▶ [EXERCISE GOAL] Your answer should be the full data, transcribed exactly, with no pictures in it.

Data records:
****************************************
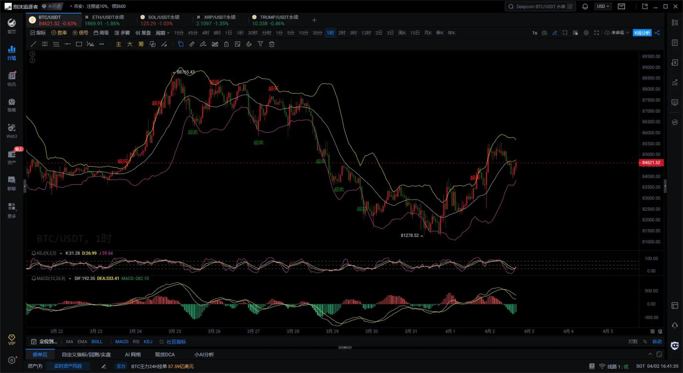 首先,根據比特幣4H級別圖中的布林帶指標來看,當前價格在布林帶中軌附近運行,並略微向上突破,說明短期內有上漲趨勢,如果價格繼續沿著上軌運行,可能會進一步上漲,但需要警惕凌晨3點的消息面帶來的風險。
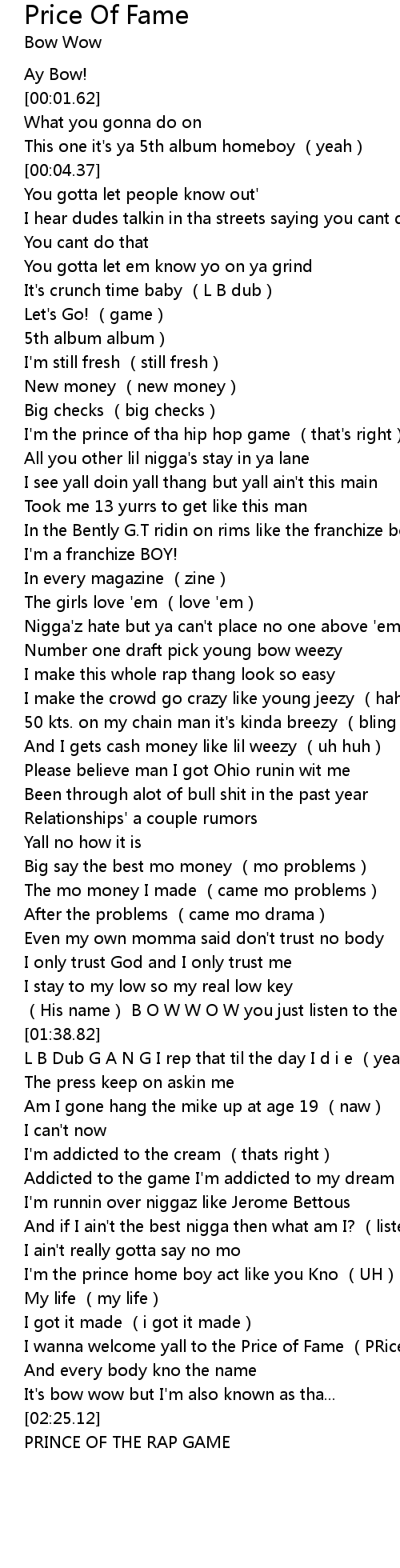 | [02:15.76] | I wanna welcome yall to the Price of Fame (PRice of Fame) |
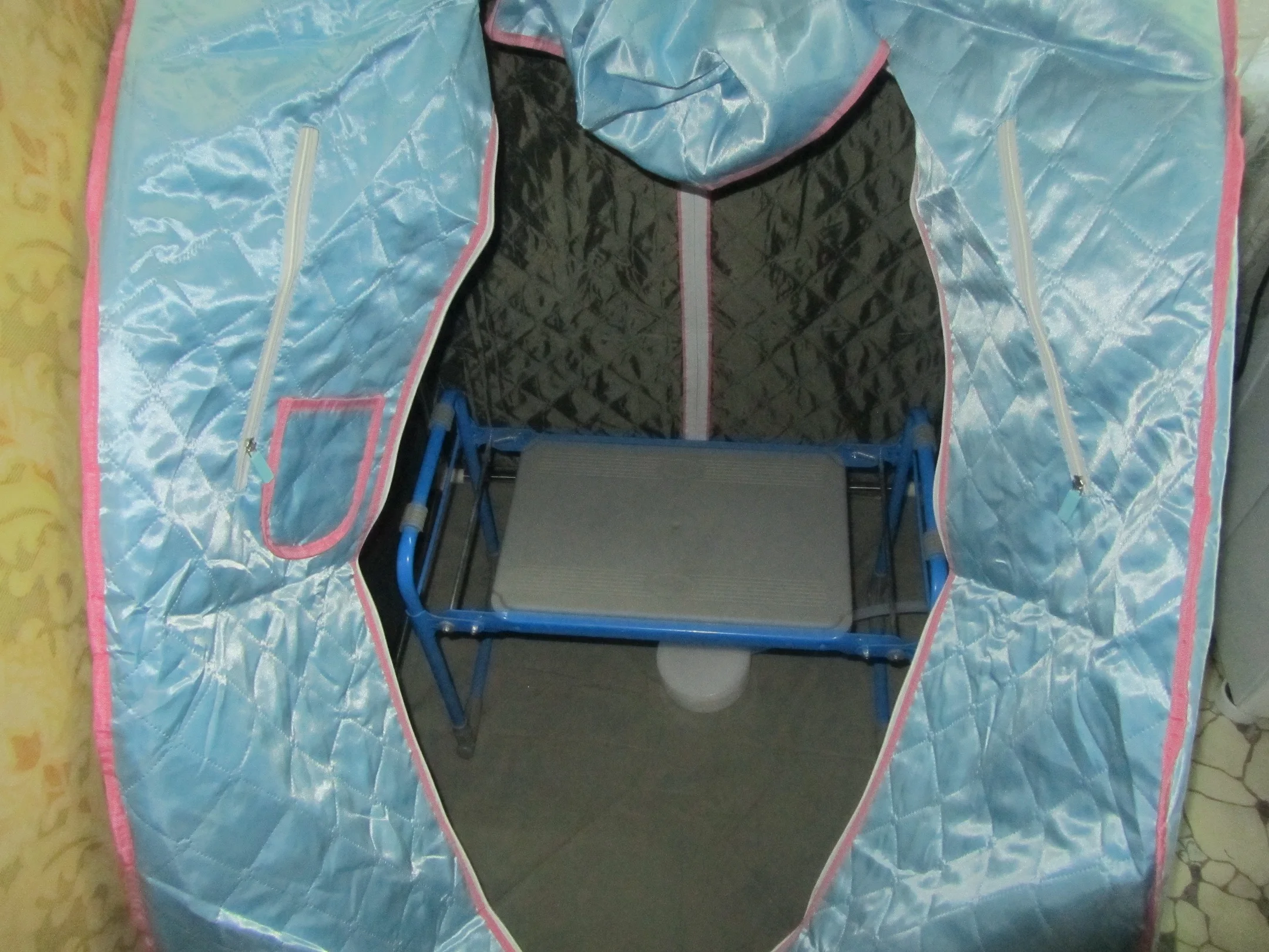 Заказывал в Киев. Получил в отделении Новой почты бы Приличных размеров коробка, наклейка что внутри хрупкое, но видимо перевозчику плевать было. Угол коробки нехило был сплюснут, видимо бросили с высоты не меньше метра 2. Внутри всё было цело, благо продавец упаковал парогенератор в пленку с пупырышками. При первом включении вообще не включился парогенератор. Открутил три винтика, внутри две платы и нагреватель как у чайника. Видимо от удара просто выскочил один из разъемов (хотя они должны крепко заливаться, но увы, просто вставили и не зажали. Вставил, включил, всё заработало. Парит отлично, полный релакс. Никакая это не сауна и не русская баня. Это чистой воды турецкий хамам. И по температуре, и по влажности, и по принципу работы. Сидеть можно долго. Рост у меня 197 см, так что на табуретке не получается внутри сидеть, нужно чтобы высота сиденья стула или стульчика была не выше 35-37 см. Иначе не застегнуть. Купил такой раскладной рыбацкий стул со спинкой и подлокотниками в Эпицент
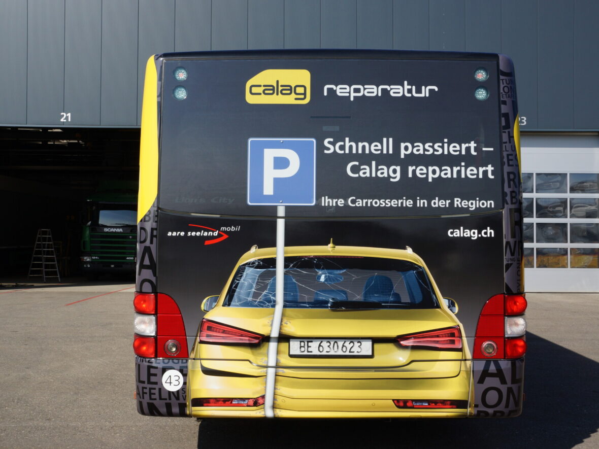 Auf dem Heck prangt ein gelber PW mit einem Parkschaden und dem Slogan „Schnell passiert – Calag repariert“. So mancher Autofahrer wird sich diese Dienstleistung bestimmt merken. „Für die Reparatur von grossen Schäden an Nutzfahrzeugen sind wir national bekannt. Dass man uns auch sein Auto bringen kann, wissen hier herum nur Wenige“, sagt Kurt Späti, Calag Geschäftsleiter.
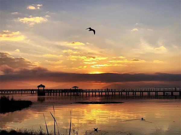 清晨,太陽(yáng)沖破地平線,陽(yáng)光從建水縣雙龍橋的橋孔下穿射而出,宛如油畫般的場(chǎng)景,就這樣展現(xiàn)在眼前
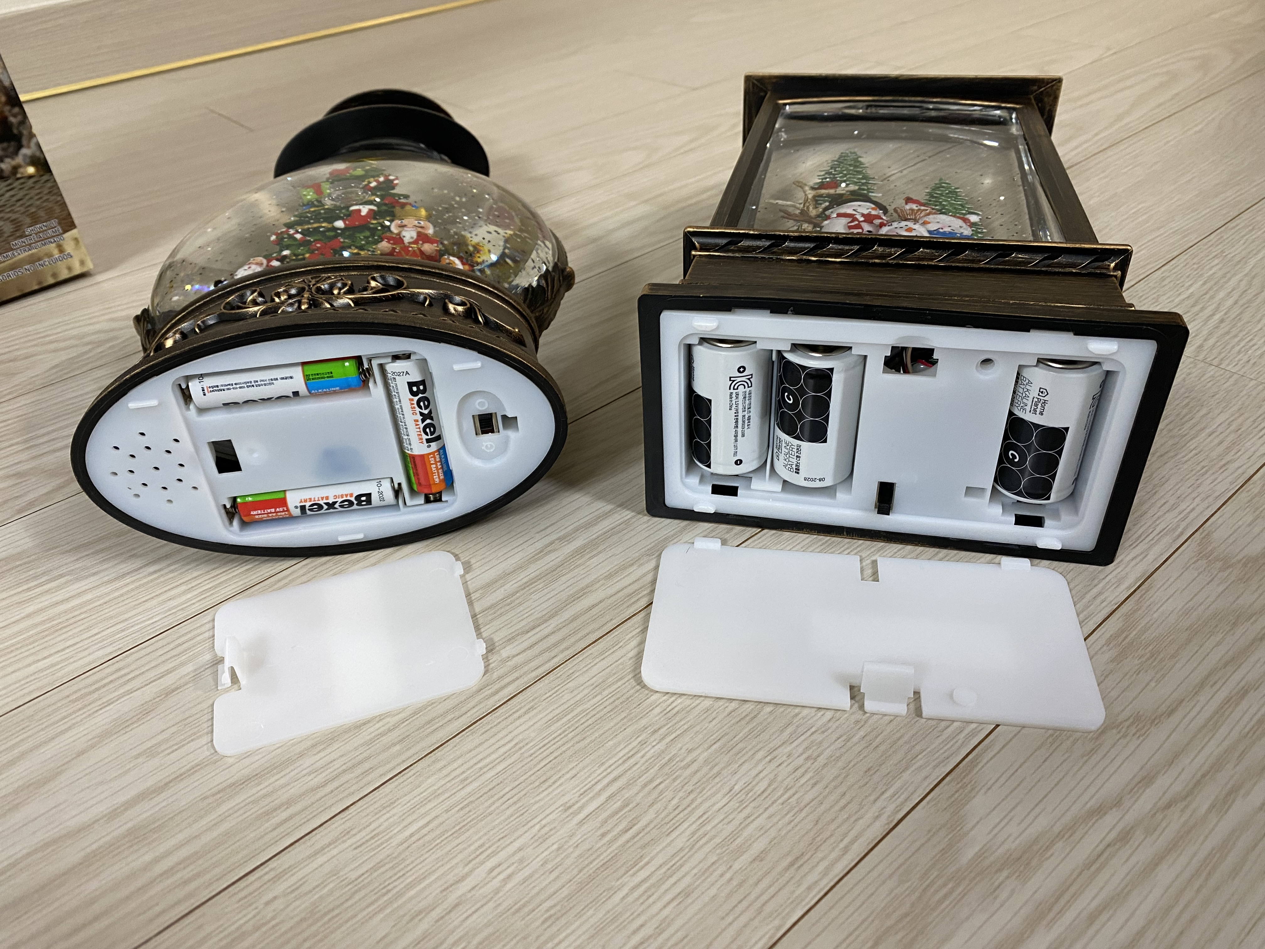 홀리데이 랜턴 라운드형은 AA 건전지가 들어가고 스퀘어형은 C 건전지가 들어갑니다. 제품 바닥의 구조상 그렇게 만들어진 것 같습니다. 아무래도 좀 더 큰 건전지가 들어가는 스퀘어형이 배터리가 오래갈 것 같은 느낌이 듭니다. 근데 집에 C 배터리가 있는 사람은 드물기 때문에 선물로 줄 거면 AA 배터리가 들어가는 라운드형이 괜찮을 것 같습니다.
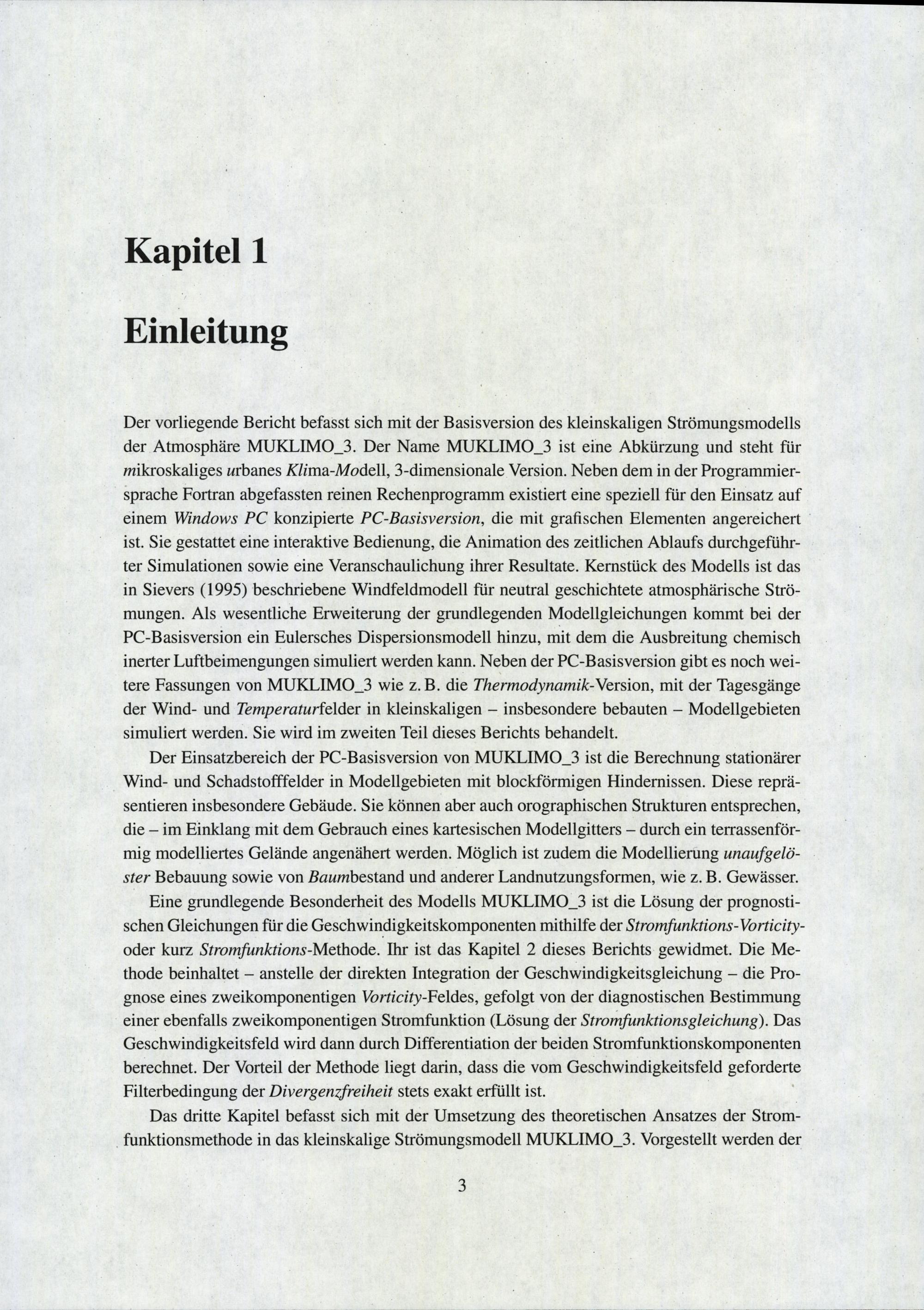 Das kleinskalige Strömungsmodell MUKLIMO_3. Teil 1: Theoretische Grundlagen, PC-Basisversion...
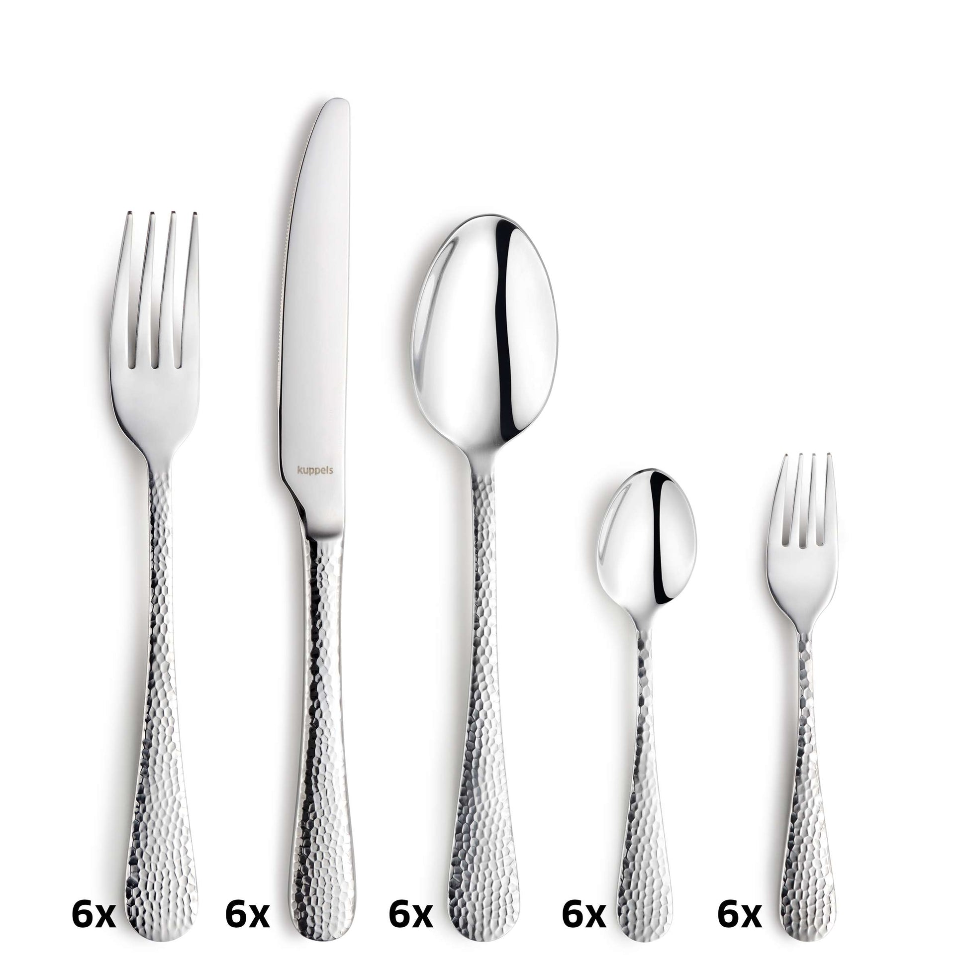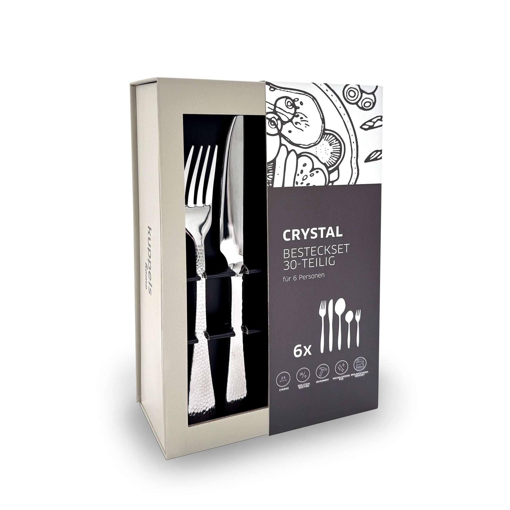 Das CRYSTAL Besteckset 30-teilig vereint zeitloses Design mit einer markanten, gehämmerten Oberfläche, die sogenannte Hammerschlag-Struktur und eine polierte, pflegeleichte Oberfläche.
****************************************
▶ [FINISHED EXERCISE]
 首先,根據比特幣4H級別圖中的布林帶指標來看,當前價格在布林帶中軌附近運行,並略微向上突破,說明短期內有上漲趨勢,如果價格繼續沿著上軌運行,可能會進一步上漲,但需要警惕凌晨3點的消息面帶來的風險。
 | [02:15.76] | I wanna welcome yall to the Price of Fame (PRice of Fame) |
 Заказывал в Киев. Получил в отделении Новой почты бы Приличных размеров коробка, наклейка что внутри хрупкое, но видимо перевозчику плевать было. Угол коробки нехило был сплюснут, видимо бросили с высоты не меньше метра 2. Внутри всё было цело, благо продавец упаковал парогенератор в пленку с пупырышками. При первом включении вообще не включился парогенератор. Открутил три винтика, внутри две платы и нагреватель как у чайника. Видимо от удара просто выскочил один из разъемов (хотя они должны крепко заливаться, но увы, просто вставили и не зажали. Вставил, включил, всё заработало. Парит отлично, полный релакс. Никакая это не сауна и не русская баня. Это чистой воды турецкий хамам. И по температуре, и по влажности, и по принципу работы. Сидеть можно долго. Рост у меня 197 см, так что на табуретке не получается внутри сидеть, нужно чтобы высота сиденья стула или стульчика была не выше 35-37 см. Иначе не застегнуть. Купил такой раскладной рыбацкий стул со спинкой и подлокотниками в Эпицент
 Auf dem Heck prangt ein gelber PW mit einem Parkschaden und dem Slogan „Schnell passiert – Calag repariert“. So mancher Autofahrer wird sich diese Dienstleistung bestimmt merken. „Für die Reparatur von grossen Schäden an Nutzfahrzeugen sind wir national bekannt. Dass man uns auch sein Auto bringen kann, wissen hier herum nur Wenige“, sagt Kurt Späti, Calag Geschäftsleiter.
 清晨,太陽(yáng)沖破地平線,陽(yáng)光從建水縣雙龍橋的橋孔下穿射而出,宛如油畫般的場(chǎng)景,就這樣展現(xiàn)在眼前
 홀리데이 랜턴 라운드형은 AA 건전지가 들어가고 스퀘어형은 C 건전지가 들어갑니다. 제품 바닥의 구조상 그렇게 만들어진 것 같습니다. 아무래도 좀 더 큰 건전지가 들어가는 스퀘어형이 배터리가 오래갈 것 같은 느낌이 듭니다. 근데 집에 C 배터리가 있는 사람은 드물기 때문에 선물로 줄 거면 AA 배터리가 들어가는 라운드형이 괜찮을 것 같습니다.
 Das kleinskalige Strömungsmodell MUKLIMO_3. Teil 1: Theoretische Grundlagen, PC-Basisversion...
 Das CRYSTAL Besteckset 30-teilig vereint zeitloses Design mit einer markanten, gehämmerten Oberfläche, die sogenannte Hammerschlag-Struktur und eine polierte, pflegeleichte Oberfläche.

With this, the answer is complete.